Papers

Early identification of patients at low risk of death after myocardial infarction and potentially suitable for early hospital discharge

BMJ 1994; 308 doi: https://doi.org/10.1136/bmj.308.6935.1006 (Published 16 April 1994) Cite this as: BMJ 1994;308:1006
  1. R W Parson,
  2. K D Jamrozik,
  3. M S T Hobbs,
  4. D L Thompson
  1. Department of Public Health, University of Western Australia, Nedlands 6009, Perth, Western Australia
  2. Department of Cardiovascular Medicine, Queen Elizabeth II Medical Centre, Nedlands 6009, Perth, Western Australia
  1. Correspondence to: Dr Parsons.
  • Accepted 11 January 1994

Abstract

Objectives: To find (a) whether data available shortly after admission for acute myocardial infarction can provide a reliable prognostic indicator of survival at 28 days, and (b) whether such an indicator might be used to identify patients at low risk of death and suitable for early discharge.

Design: Retrospective analysis of data collected on patients admitted to a coronary care unit for acute myocardial infarction. A validation sample was selected at random from these patients.

Setting: Coronary care units in Perth, Western Australia.

Subjects: 6746 patients aged under 65 and resident in the Perth Statistical Division who during 1984-92 were admitted to a coronary care unit with symptoms of myocardial infarction.

Main outcome measures: Sensitivity and specificity of several models for predicting survival at 28 days after myocardial infarction, and detailed performance characteristics of a particular model.

Results: Patients with a pulse rate of 100 beats/min or less, aged 60 or under, and with symptoms typical of myocardial infarction, no past history of myocardial infarction or diabetes, and no significant Q wave in the admission electrocardiogram had a very high chance of survival at 28 days (99.2%). These patients made up one third of all patients studied.

Conclusion: The prognostic index identifies patients very soon after admission who are at low risk of death and potentially eligible for early discharge from hospital or the coronary care unit.

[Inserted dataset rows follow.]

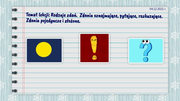 Temat lekcji: Rodzaje zdań. Zdania oznajmujące, pytające, rozkazujące.
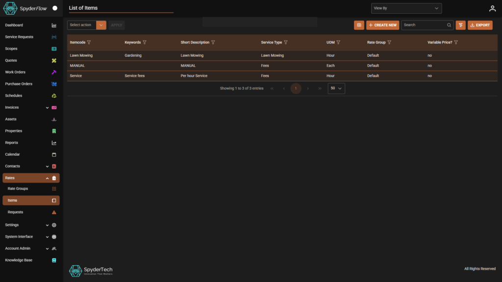 Note the example below are Items in 1 x Default Rate Group. Your organisation can work with one rate group or many depending on size and availability of items and requests you would like your users to access.
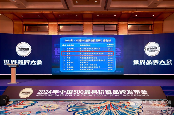 2024年6月19日,由世界品牌实验室主办的第二十一届世界品牌大会暨2024年中国500最具价值品牌发布会在北京举行,会上公布了2024年(第二十一届)《中国500最具价值品牌》分析报告,厦门金龙联合汽车工业有限公司(简称“金龙”)以967.82亿元的品牌价值荣登榜单第113位,金龙品牌价值较上一年增幅达19.51%。据了解,金龙品牌价值连续十一年保持超过10%的增长率,展现了中国汽车制造领军企业的强劲发展潜力。

Computing the index does not need complex cardiac investigations.

Clinical implications

  • Clinical implications

  • Shortage of hospital beds indicates a need for identifying low risk patients after myocardial infarction

  • Simple clinical data may be used that will not add to the cost of hospital care

  • Up to one third of patients may be suitable for early discharge based on clinical indices

  • A prospective study of early discharge based on these data is strongly recommended

Introduction

Recommendations for hospital stay after myocardial infarction have shortened progressively over the past 30 years. In the 1950s around six weeks of bed rest was recommended, as studies had shown that this was the time required for healing of the myocardial scar.1 The potential danger of this prolonged bed rest was recognised by Levine and Lown in 1952, when they proposed the “armchair treatment” of coronary thrombosis.2 They reported that a large proportion of patients could sit in a bedside chair by the third day after infarction without adverse consequences.

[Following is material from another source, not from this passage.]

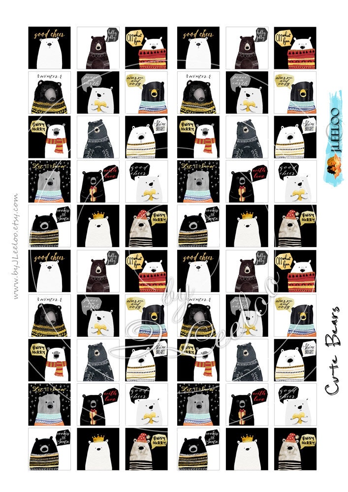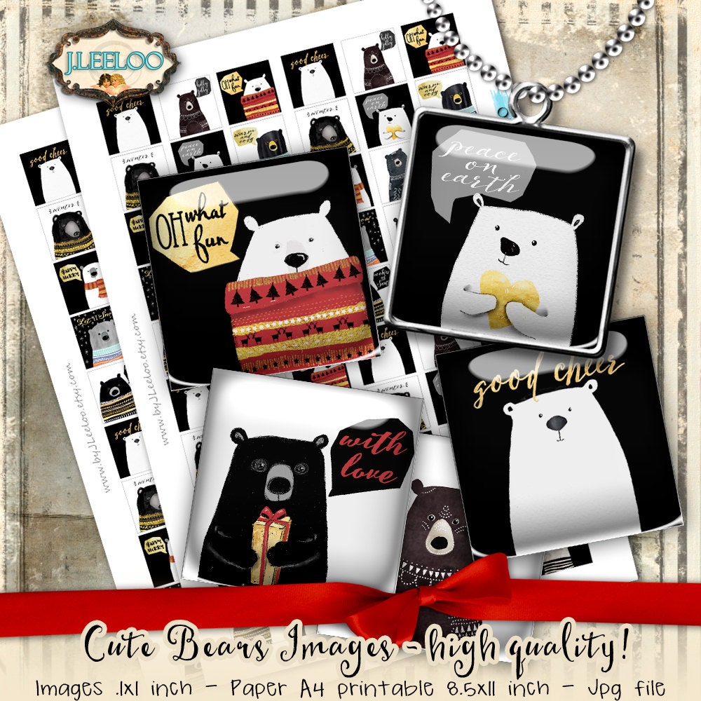 CUTE BEARS hand drawn hand painting Instant Download - Digital collage sheets printable - Square digital images 1 inch for pendants, jewelry and your craft and artwork.

Over the subsequent 20 years the duration of hospital care for patients with myocardial infarction decreased steadily. A survey of American physicians by Wenger et al in 1973 showed that a hospital stay of three weeks was accepted as normal.3 From the late 1960s and into the 1970s a series of controlled clinical trials with progressively shorter durations of hospital stay all showed that patients with uncomplicated acute myocardial infarction could be discharged early without adverse effect on mortality or other complications.*RF 4-15* That series of studies set the pattern for practice in the 1980s, and in the United States a hospital stay of seven to 10 days became routine.16

In recent years there have been suggestions that an even shorter hospital stay may be feasible for some patients. A randomised trial of early discharge by Topol et al showed the feasibility of discharge on the third day after infarction in selected patients.17 The rate of return to work was marginally better in the early discharge group and the overall care costs of the group were substantially less.

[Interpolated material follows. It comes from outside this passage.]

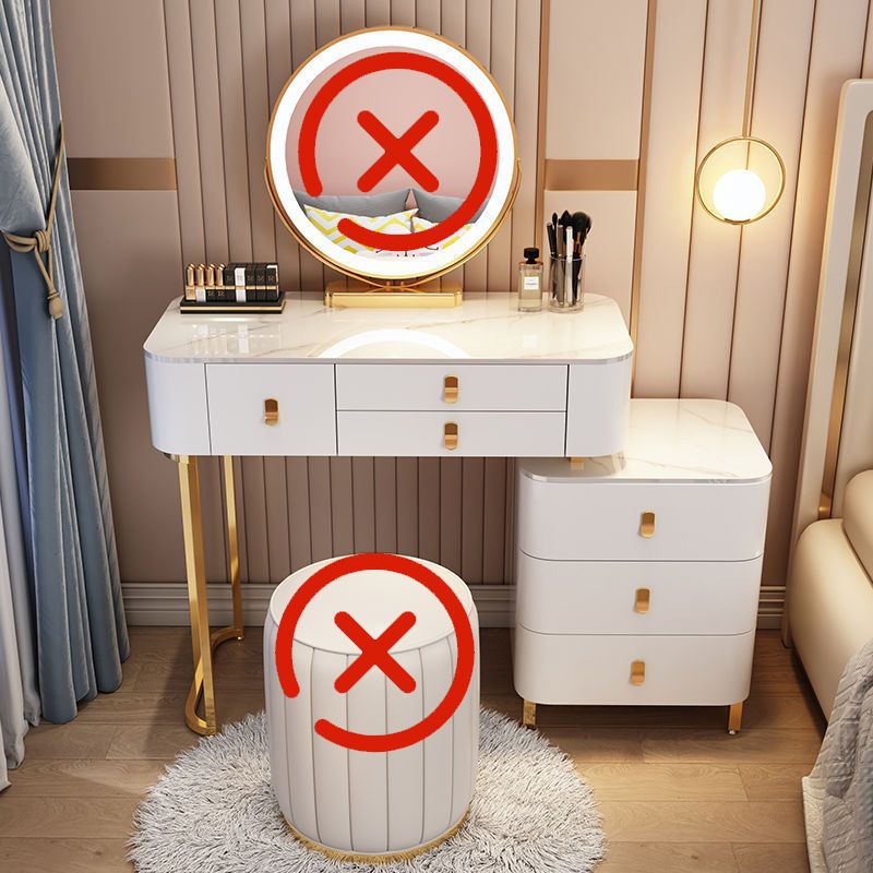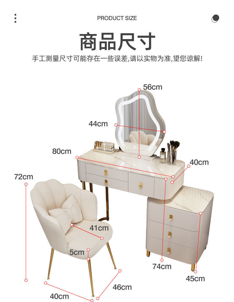 • 흰색 120cm 테이블 캐비닛 거울 둥근 의자

A main difficulty in introducing early discharge after myocardial infarction is the identification of patients who have uncomplicated disease or are at low risk of death. This assessment is needed very early after admission so that the patients can be given appropriate treatment and health education in the few days that they spend in hospital.

This study compared several models for their prognostic value and aimed at identifying the simplest that had adequate (as determined by specificity and sensitivity) prognostic ability. Factors included in the models were chosen from those available shortly after admission. The model was then applied to a test set of patients to check its performance.

Patients and methods

Patients included in the study were part of the population based MONICA project (an international study conducted under the auspices of the World Health Organisation to monitor trends and determinants of mortality from cardiovascular disease over 10 years).18 The MONICA project register in Perth holds information on all people between the ages of 25 and 64 who are resident in the Perth Statistical Division and have had an acute myocardial infarction since the beginning of 1984. MONICA project staff monitor all death registrations in Western Australia for fatal cases and hospital discharge diagnoses for cases of acute myocardial infarction admitted to hospital. Any patient given an ICD-9 (International Classification of Diseases, ninth revision) diagnostic code of 410.0 to 411.9 (but not 411.1, which is for unstable angina) is registered.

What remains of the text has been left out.